All the records that follow need to be reproduced exactly. Omit the images.

***** Information provided *****

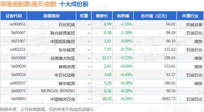 深港通能源(港币)(983014)指数十大成份股详情如下:
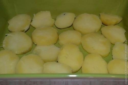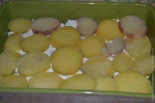 4. теперь нужно подготовить форму, в которой мы будем готовить наш картофель "По-княжески", и слегка смазать ее растительным маслом. На дно формы выкладываем наши картофельные колечки, немного присолив.
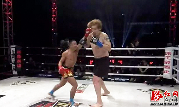 红网麻阳站讯 11月6日晚,解放军拳王周志鹏“以小搏大”和韩国巨兽崔洪万在怀化展开对决,周志鹏两记重拳击中对手下巴,险些将巨兽击倒!最终周志鹏毫无争议的点数击败崔洪万。
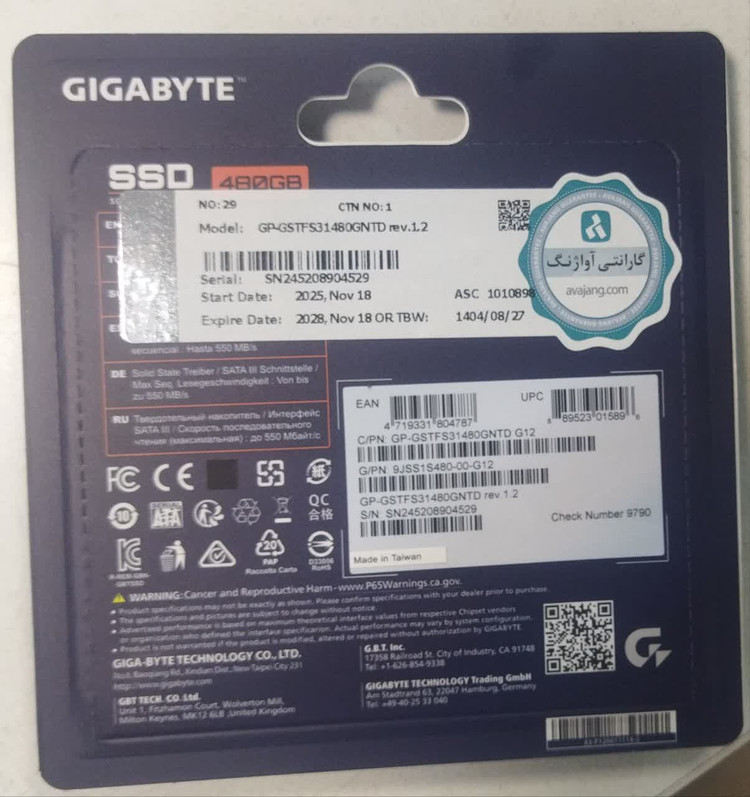 هارد اس اس دی گیگابایت 480 گیگ با گارانتی 3 ساله اصلی
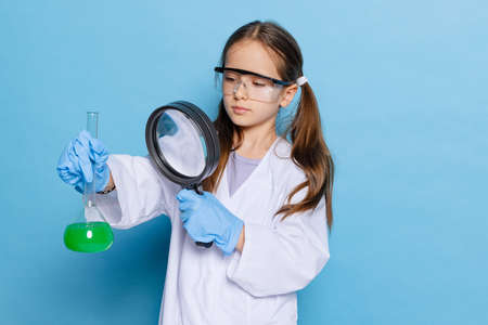 Portrait of little school girl, kid in white big gown as chemist, scientist chemical equipment, fluid in laboratory isolated on blue background
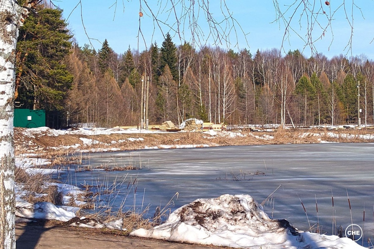 На бывшей базе отдыха в Каркино убирают незаконные постройки и снимают часть заборов, мешавших выходить на берег пруда и Просницы
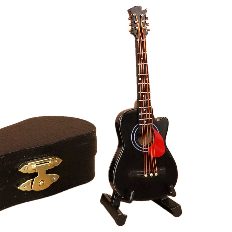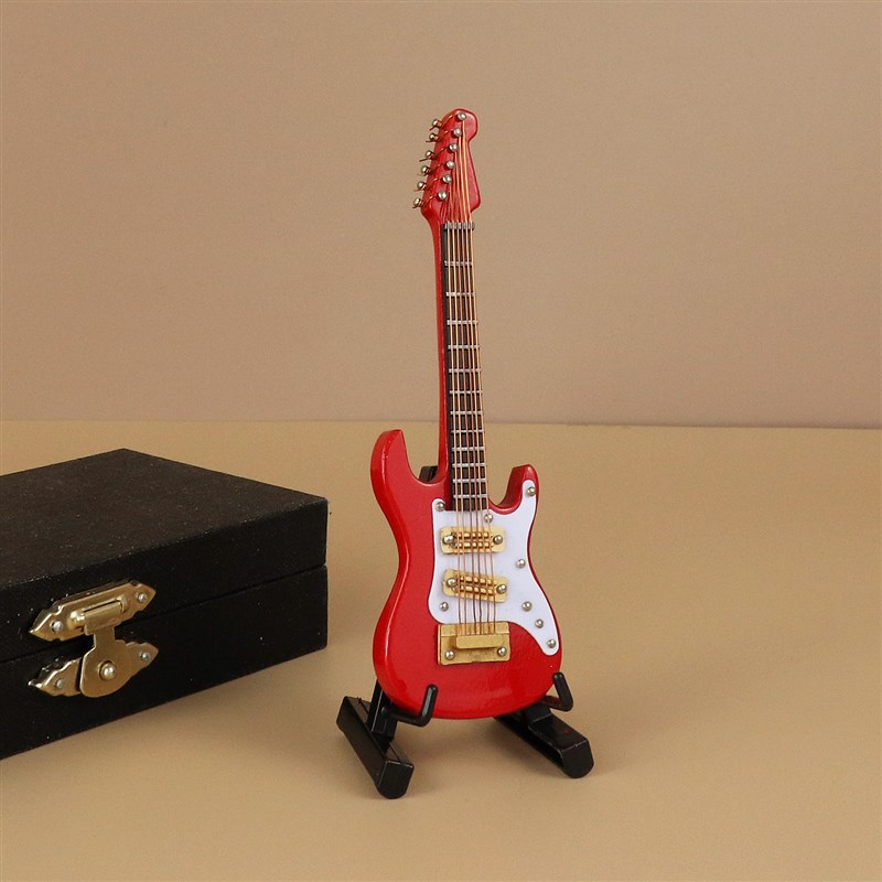 吉他模型电贝斯摆件娃娃迷你乐器10厘米木质古T典民谣电吉他模型
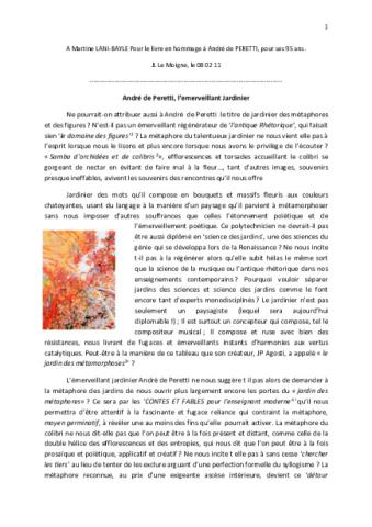 Pour le livre en hommage à André de PERETTI, pour ses 95 ans, par Martine LANI-BAYLE.
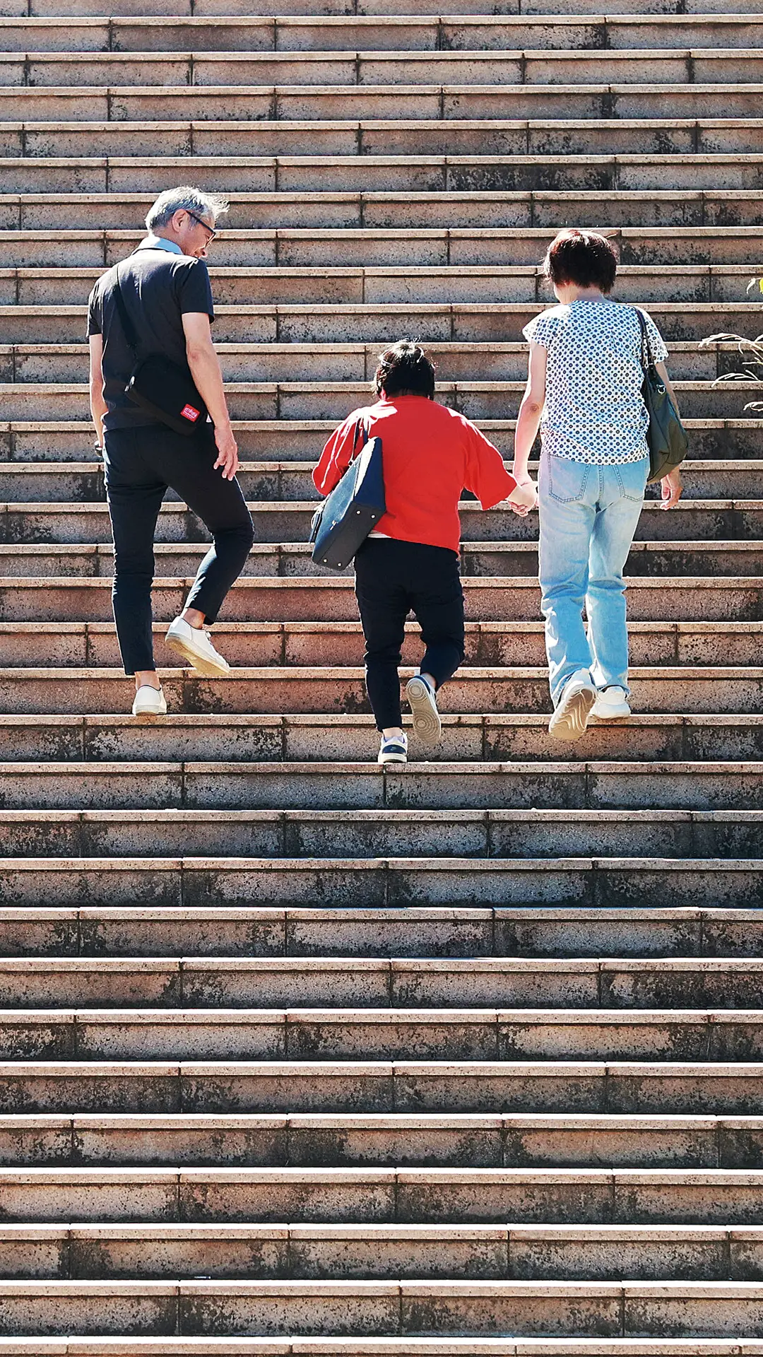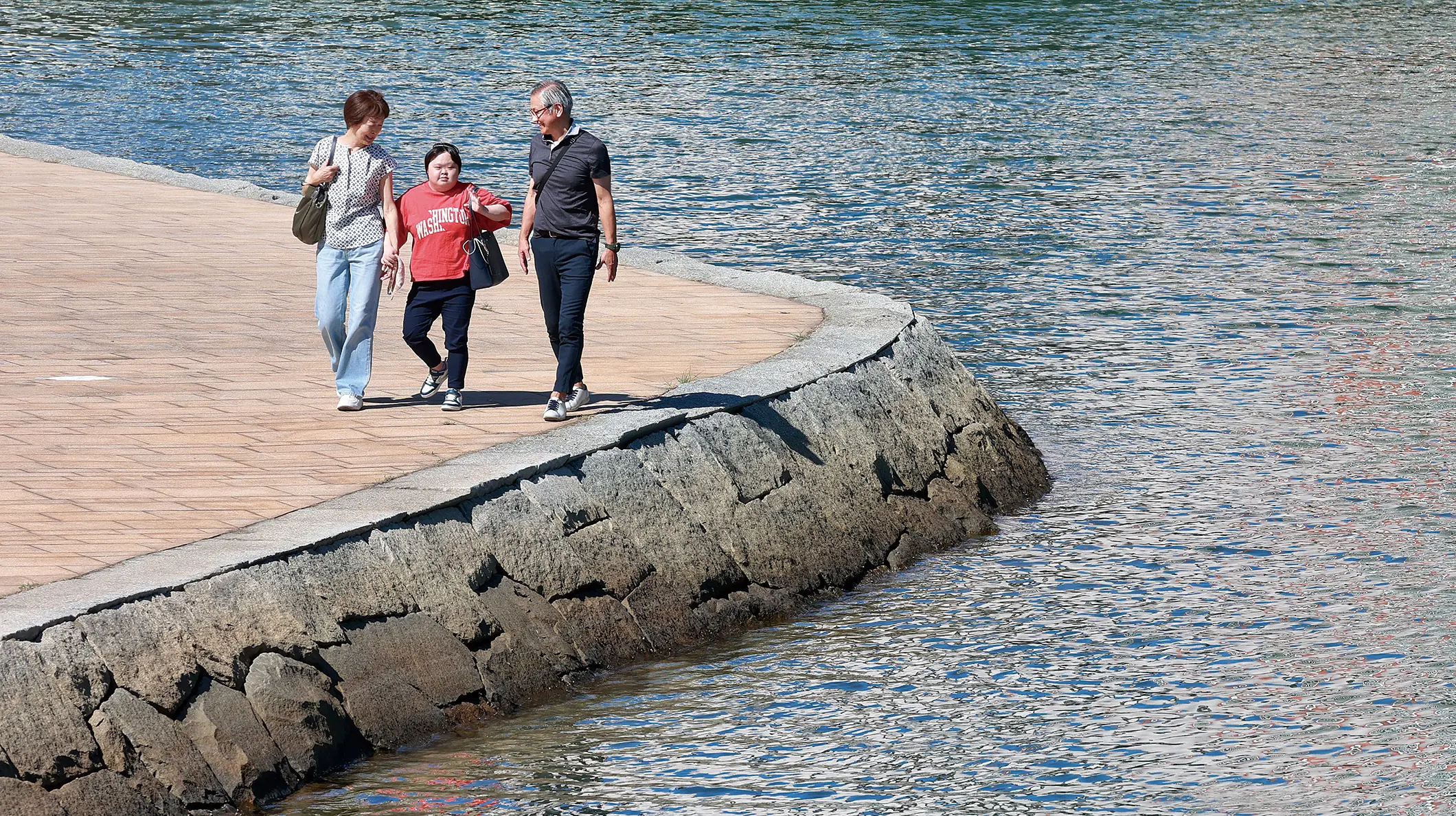 自宅に近い小倉城の周辺を散策するのが一家の楽しみ。寄り添って歩く3人の周りに「笑顔の時間」が流れています。

*****

Exercise output:
 深港通能源(港币)(983014)指数十大成份股详情如下:
 4. теперь нужно подготовить форму, в которой мы будем готовить наш картофель "По-княжески", и слегка смазать ее растительным маслом. На дно формы выкладываем наши картофельные колечки, немного присолив.
 红网麻阳站讯 11月6日晚,解放军拳王周志鹏“以小搏大”和韩国巨兽崔洪万在怀化展开对决,周志鹏两记重拳击中对手下巴,险些将巨兽击倒!最终周志鹏毫无争议的点数击败崔洪万。
 هارد اس اس دی گیگابایت 480 گیگ با گارانتی 3 ساله اصلی
 Portrait of little school girl, kid in white big gown as chemist, scientist chemical equipment, fluid in laboratory isolated on blue background
 На бывшей базе отдыха в Каркино убирают незаконные постройки и снимают часть заборов, мешавших выходить на берег пруда и Просницы
 吉他模型电贝斯摆件娃娃迷你乐器10厘米木质古T典民谣电吉他模型
 Pour le livre en hommage à André de PERETTI, pour ses 95 ans, par Martine LANI-BAYLE.
 自宅に近い小倉城の周辺を散策するのが一家の楽しみ。寄り添って歩く3人の周りに「笑顔の時間」が流れています。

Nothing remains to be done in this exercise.